Model was a Deepseek 671B 32B MoE.

Looks to me that $20 for a month of coding is not very sustainable - let's enjoy the party while VCs are financing it! And keep an eye on your consumption...

Electricity costs seem negligable with ~$10,000 per year at 10cts per kWh but overall cost would be ~10% higher if electricity is more like 30cts like it is in Europe.

Edit: like it is pointed out by other commenters it is 2200t/s per single GPU thus the result needs to be divided by 16: $4/16 = $0.25. This actually somewhat matches the deepseek API pricing.

6 comments

menaerus 159 days ago

How did you arrive to $10,000 electricity costs figure?

8xH200 enclosed in DGX H200 system power draw is ~14kW in its peak (CTS) configuration/utilization. Over one year, and assuming maximum utilization, this is 123,480 kWh per single DGX H200 unit. We need 2x such units for 16xH200 system configuration under subject so it's 246,960 kWh/year. This is ~$25,000 at 10cts per kWh and ~$74,000 at 30cts per kWh. At ~1,110,000 1M batches this gives us: (1) ~$0.02 - $0.07 per 1M of energy cost and (2) ~$0.25 per 1M assuming the same HW depreciation rate. In total, this is ~$0.3 per 1M tokens.

Seems sustainable?

dust42 159 days ago

I used 700W per H200 = 11.2 per 16 GPUs. I didn't include CPU and rest of the rack. So yours is a better approximation.

One has to keep in mind that the benchmark that was done is synthetic. This makes sense because it makes it reproducible but real world usage may differ - i.e. by the amount of context and the number of concurrent users. Also there are use cases where smaller models or smaller quants will do.

The key take away for me for this type of back of the envelope calculation is to get a good idea where we stand long term, i.e. when VC money stops subsidizing.

So for me $0.3 per 1M tokens for a decent model looks pretty good too. Seeing that OpenAI API charges $21 per 1M tokens input and $168 output for GPT-5.2 pro I was wondering what the real sustainable pricing is.

yorwba 160 days ago

It's 2.2k tokens per second and GPU, so you have to multiply the token output by 16 and the price per million tokens works out to 22.5 cents.

aurareturn 159 days ago

I think they're also running this at 16 bit quant. If they lower it to 8bit, they might double their output which might come out to be 11 cents per million tokens.

Now take into account that modern LLMs tend to use 4bit inference, and Blackwell is significantly more optimized for 4 bit, we can see much less than 11 cents. Maybe a speed up of 5x if using 4bit and Blackwell vs H100 and 8 bit?

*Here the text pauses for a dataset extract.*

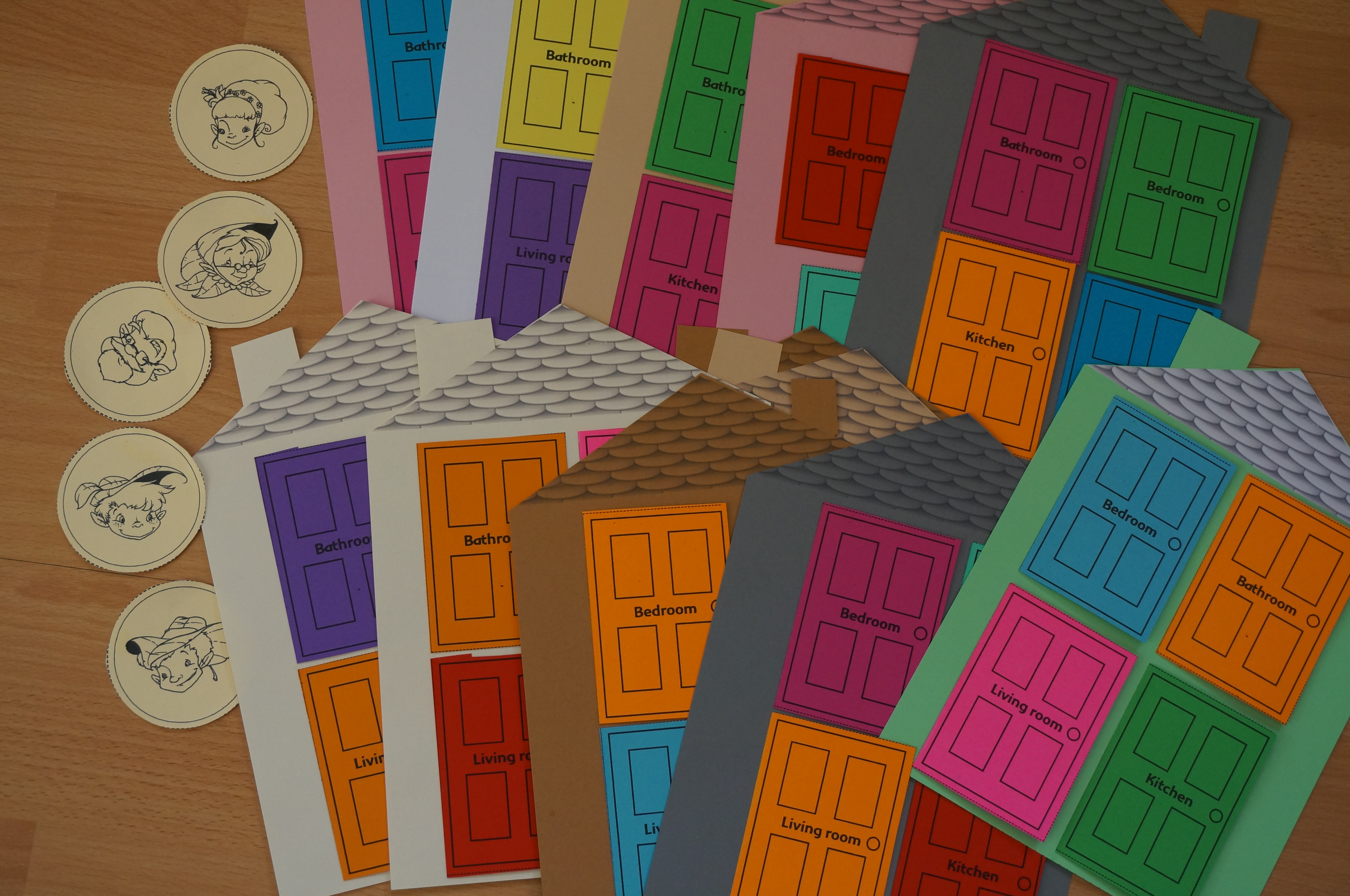 Ja z kolei, mając w perspektywie przemieszczanie się pomiędzy podręcznikiem i zeszytem ćwiczeń oraz znając umiejętności motoryczne moich milusińskich (samo wydarcie str. 77 połowie klasy zabiera sporo czasu! nie mówiąc już o wycięciu, pokolorowaniu drzwi i naklejeniu ich na kartkę oraz zrobieniu dachu i ozdobieniu domu), zrezygnowałam dziś z prac plastycznych (te jutro przy innym zadaniu), a zaoszczędzony czas przeznaczyłam na granie. Oznaczało to niestety dużo pracy dla mnie (po planszy na każdą parę czyli 12 domków plus jedna gigant do pracy na tablicy), ale było warto, bo dzieci poćwiczyły język obcy, a nie tylko rączkę. Kto chce może sobie wykonać planszę w domu. Moje domki są kolorowe i a drzwi skserowane na kartkach z bloku technicznego, bo musiały wytrzymać przynajmniej trzykrotne granie. Musiałam być pomysłowa, bo wizja kolorowania 48 drzwi była mało kusząca. Ale za to dodałam ładne dachówki na dachu oraz komin, których na podręcznikowym szablonie nie ma.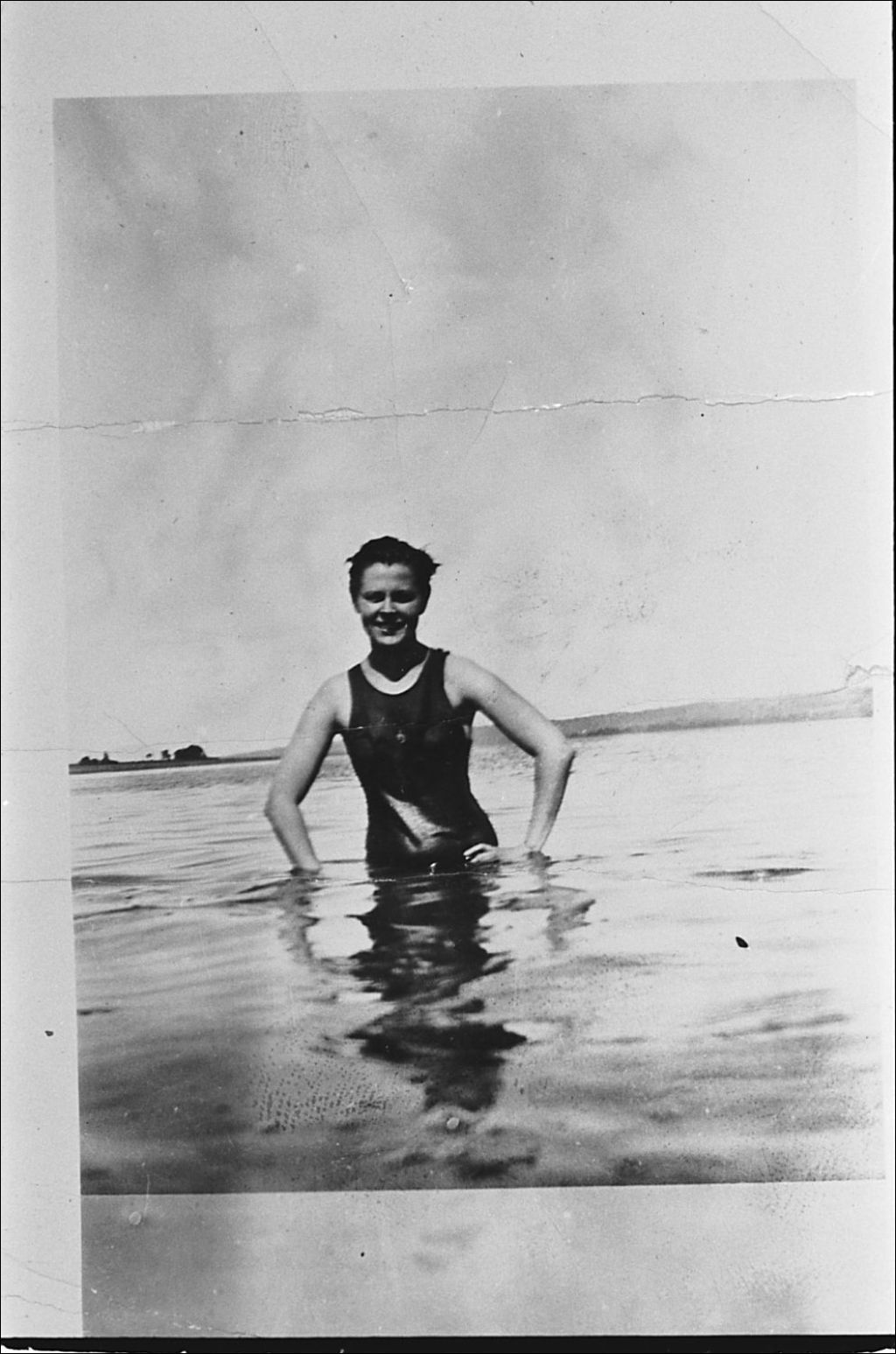 Baignade, Négatif reproduit en 1983(original créé en 1940), Archives nationales à Sept-Îles, Fonds Société historique de Havre-Saint-Pierre inc, (09N,P19,S1,SS1,P596), Société historique de Havre Saint-Pierre.

So we're looking at potentially 2.2 cents per million tokens.

Palmik 159 days ago

APIs are usually very profitable. As for subscriptions, it would depend on how many tokens average subscriber uses per month. Do we have some source of info on this?

Some notes:

- # Input tokens & # output tokens per request matters a lot.

- KV Cache hit rate matters a lot.

- vLLM is not the necessarily most efficient engine.

- You are looking at API cost for DeepSeek V3.2, which is much cheaper than DeepSeek R1 / V3 / V3.1. DeepSeek V3.2 is different architecture (sparse attention) that is much more efficient. DeepSeek V3 cheapest option (fp8) tends to be ~$1/mil output tokens while R1 tends to be ~$2.5/mil (note that for example Together AI charges whopping $7/mil output tokens for R1!)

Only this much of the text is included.